Monday, November 16, 2009

Line Shot: Matthew Ritchie



[“Manifold Atlas” (2009), oil & marker on canvas. “Initial Series” (2009), oil & marker on linen. “The Dawn Line (Sun Dog Variant)” (2009), aluminum structural units & epoxy coating. “Hypercycle” (2009), oil & marker on linen.]

Synthesizing and expressing complex systems and cosmologies in creation of new forms and exploration of myths has come to a most expansive level in “Line Shot,” Matthew Ritchie’s fourth solo exhibition at Andrea Rosen Gallery that is up through December 2, 2009. Since his 2006 show, “The Universal Adversary,” at the gallery, Ritchie has amplified his work across disciplines and into collaborative projects with physicists, composers, writers, actors, architects, and engineers, aimed at developing a group of visual and performance environments that can theoretically sustain not one, but every possible representation of the universe.

Simultaneously, Ritchie has created a unique and dynamic digital world explicating his drawings and allowing him to film inside this world with a vast bank of images and narratives at his disposal—all of which inform increasingly sophisticated videos deployed into these collaborations.


In “Hypermusic”—a collaboration with theoretical physicist Lisa Randall and Catalan composer Hector Parra—Ritchie’s complex work hits a more concrete groove. Randall—the first tenured female theoretical physicist at MIT and Harvard—published the Randall-Sundrum model, while Parra created “Karst-Chroma II,” an exploration of geo-harmonic strata. This level of outreach by Ritchie exudes more relevance and legibility to multiple and broader communities, ultimately building upon the very concept of creativity.


A series of large paintings using gorgeous abstract iconography to describe the pure space of creation will be exhibited in the gallery. Other works include: “Line Shot,” a one hour animated feature film (with music and spoken text); “Haruspex,” a series of drawings made in collaboration with authors; and “The Dawn Line,” a modular structure part of “The Morning Line.” The latter is a vast architectural, film, and musical collaboration created with architects Aranda\Lasch and Arup AGU. (The latter—known for innovative and sustainable designs—accomplished the Sydney Opera House, the Centre Pompidou, and structures at the 2008 Beijing Olympics.) “The Morning Line” includes commissioned music by Bryce Dessner, Boston-based composer Evan Ziporyn, Sonic Youth co-founder Lee Ranaldo, Dutch composer Thom Willems, Sigur Ros guitarist and vocalist Jon “Jonsi” Birgisson, and others.

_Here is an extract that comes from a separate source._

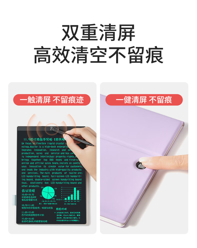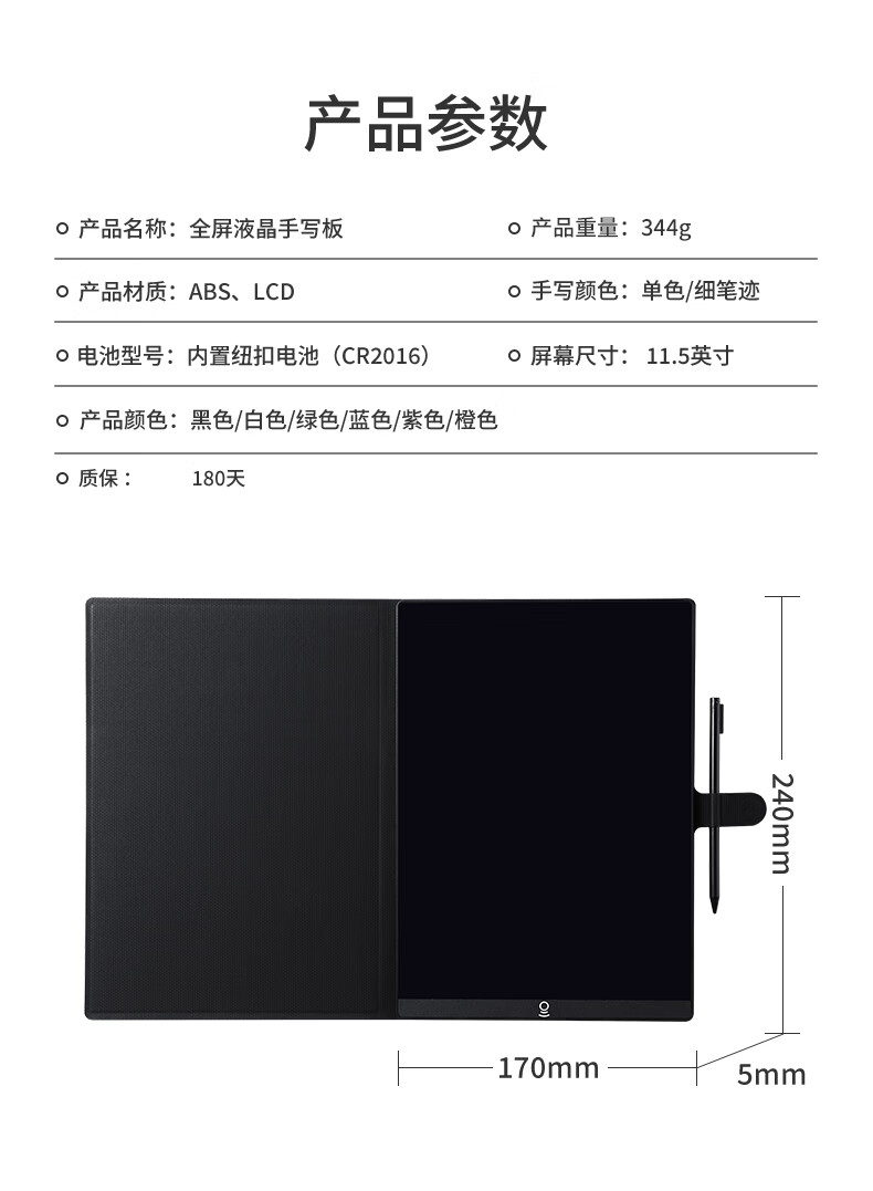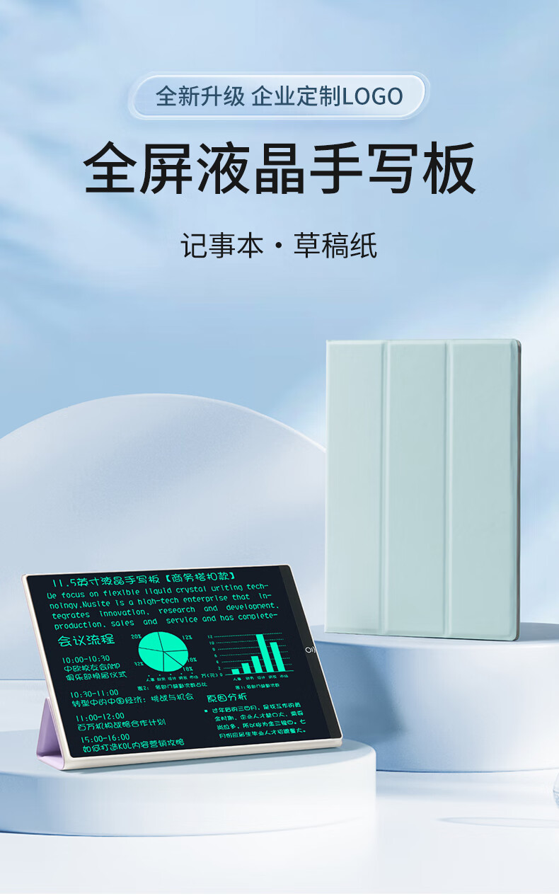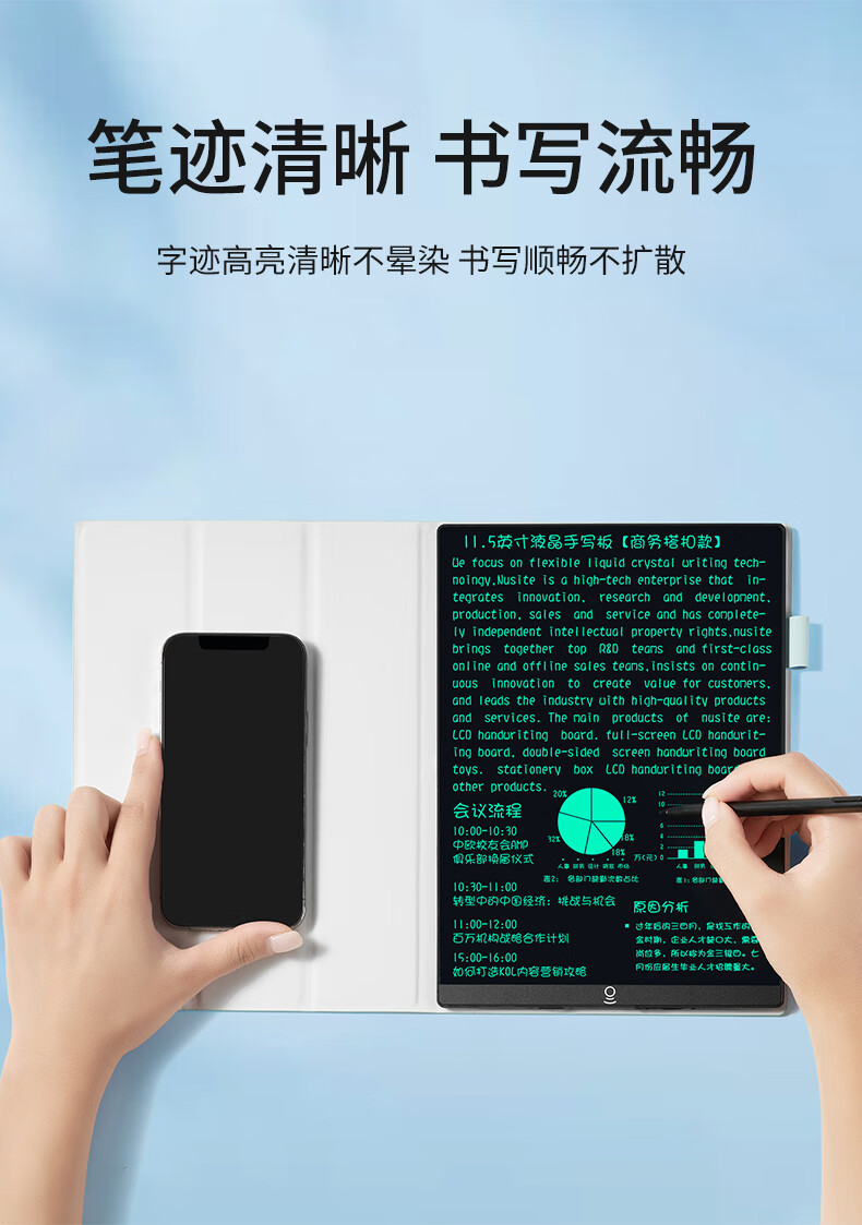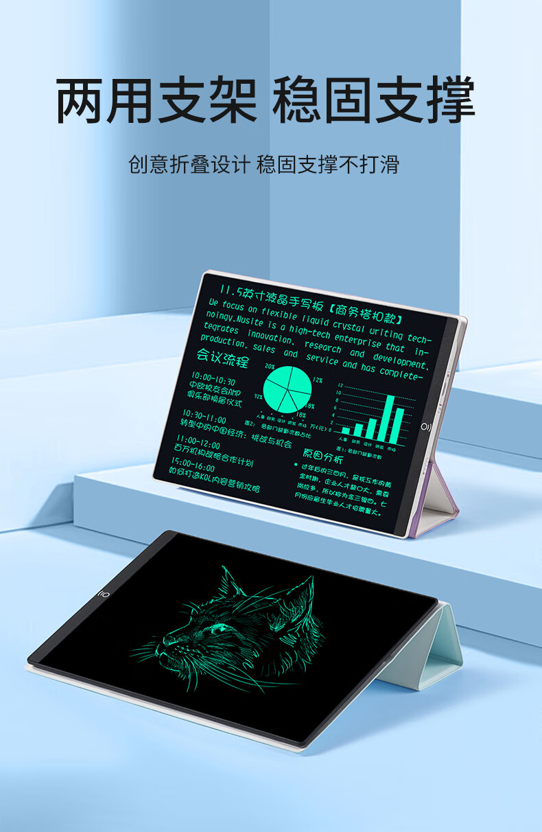 PBJ液晶手写板自带皮套全面屏细笔迹电子笔记本写字板企业办公会议记事本家用手绘板学生草稿黑板画板 【充电款】12英寸黑细笔迹+保护套

“The Long Count” references the cosmology of the Popol Vuh (a corpus of mythological narratives from the Quiché kingdom in what is now Guatemala) and the respective World Series of 1975 and 1976, which saw back-to-back victories by the National League’s Cincinnati Reds—the last National League team to do so. Conceived as an endless creation, a pooled text, and with characters understood as ideas in motion, “The Long Count” builds and dismantles a world before time. As in many of Ritchie's works, fragments of games and stories are used as counterpoints and motifs between the various performers and ideas which are quartered, folded, and unpacked over and over again.


The exhibition has been held in conjunction with “The Long Count,” part of the Next Wave Festival at the Brooklyn Academy of Music. A one-hour work based on intertwined American creation myths—written and directed by Matthew Ritchie—the performance included music by twin brothers (and members of The National) Aaron and Bryce Dessner and featured the deep baritone of The National’s Matt Berniger, Pixies bassist Kim Deal and her twin Kelley, and My Brightest Diamond lead singer and songwriter Shara Worden. The artist’s referencing of Popol Vuh—with its account of the mythological hero twins Hunahpu and Xbalanqué—is ironic considering Ritchie’s collaboration with two sets of twins in “The Long Count.”


Ritchie’s work has been exhibited at the St. Louis Art Museum, P.S. 1 Center for Contemporary Art, MoMA, The Guggenheim, the San Francisco Museum of Modern Art, Museum of Contemporary Art (San Diego), Guggenheim Bilbao, Mori Art Museum (Tokyo), the Contemporary Jewish Museum (San Francisco), Reykjavik Art Museum, and Staatliche Kunstsammlungen (Dresden).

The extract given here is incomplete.